SAN FRANCISCO — There’s at least one group that won’t be gathering around the table this holiday season: federal prosecutors, defense lawyers and Northern District judges.
Responding to a recent Supreme Court decision frowning on judicial involvement in plea discussions, the U.S. attorney’s office has quietly withdrawn from criminal settlement conferences, to the disappointment of the Bay Area defense bar.
Local lawyers say the conferences obviated the need for trial in many cases. The magistrate judges often tapped to supervise the sessions could break a logjam in a case by prompting a prosecutor to see the matter in a new light or prodding a defendant to come to grips with his predicament, said Palo Alto defense lawyer Thomas Nolan Jr. of Nolan, Armstrong & Barton.
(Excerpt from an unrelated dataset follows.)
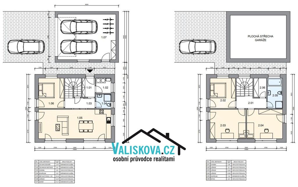 Celková užitná plocha domu činí 122,56 m2. K domu také náleží nadstandardně velká dvojgaráž 41,6 m2 a dvě parkovací místa před garáží.

“You’re going to have people going to trial who have no interest in going to trial,” Nolan said. “They only want to be able to get fairness in the resolution of the case, and the only way to do that is for each side to be able to privately talk to the judge about their strengths and weaknesses.”
U.S. Attorney Melinda Haag said she suspended the conferences after the Supreme Court heard oral arguments in U.S. v. Davila, a case in which a Georgia defendant pled guilty after a magistrate judge advised him that he would receive a softer sentence. After the Supreme Court and the solicitor general concluded that the sessions violated Rule 11 of the Federal Rules of Criminal Procedure, Haag made the suspension permanent.
“When the solicitor general and the Supreme Court tell us that it violates Rule 11, to agree to a settlement conference would be to invite error into the record,” Haag said in an interview.
But some local defense lawyers question whether the Supreme Court’s June decision required the U.S. attorney’s office to change course.
“I don’t think Davila really changes the law but simply reaffirms it,” said Walter Brown, a white collar partner at Orrick, Herrington & Sutcliffe who served as an assistant U.S. attorney in the Central District. “I don’t think that is a reason to abandon wholesale a practice that a lot of people felt was valuable.”
Northern District judges had tried to toe the line by ensuring that the conferences were not supervised by the same judge steering the case. But Haag noted that the court took the same precautions in Davila.
“The concern is that judicial involvement in plea dicussions places undue pressure on defendants to enter into guilty pleas, which is the reason that Rule 11 was promulgated to begin with,” Haag said.
State courts allow judges to have a hand in plea bargaining. But given Rule 11, the Northern District was one of few federal courts in the country to sponsor settlement conferences. And the local U.S. attorney’s enthusiasm for them waxed and waned. Former U.S. Attorney Joseph Russoniello refused to send line prosecutors to the meetings, sparking a firestorm of criticism in the defense bar, lawyers say. Under Haag, the office participated until the Davila decision came down.
The settlement conferences were typically requested by defense lawyers who held them more dearly than federal prosecutors. But Nolan is hopeful that the powers that be in the Northern District will want to revive the sessions once federal prosecutors and judges see the costs of trying cases that might otherwise settle.
“It’ll have a negative impact on all of the Northern District’s functions,” he said. “We don’t have the resources to try multidefendant cases that should be settled.”
Nolan said the U.S. attorney’s office withdrew from a settlement conference that had been scheduled in one of his cases, which involves allegations of illegal gratuity bribery with a public entity. The case is now headed to trial.
Asked if that trial could have been avoided with a settlement conference, Nolan responded, “No doubt in my mind.”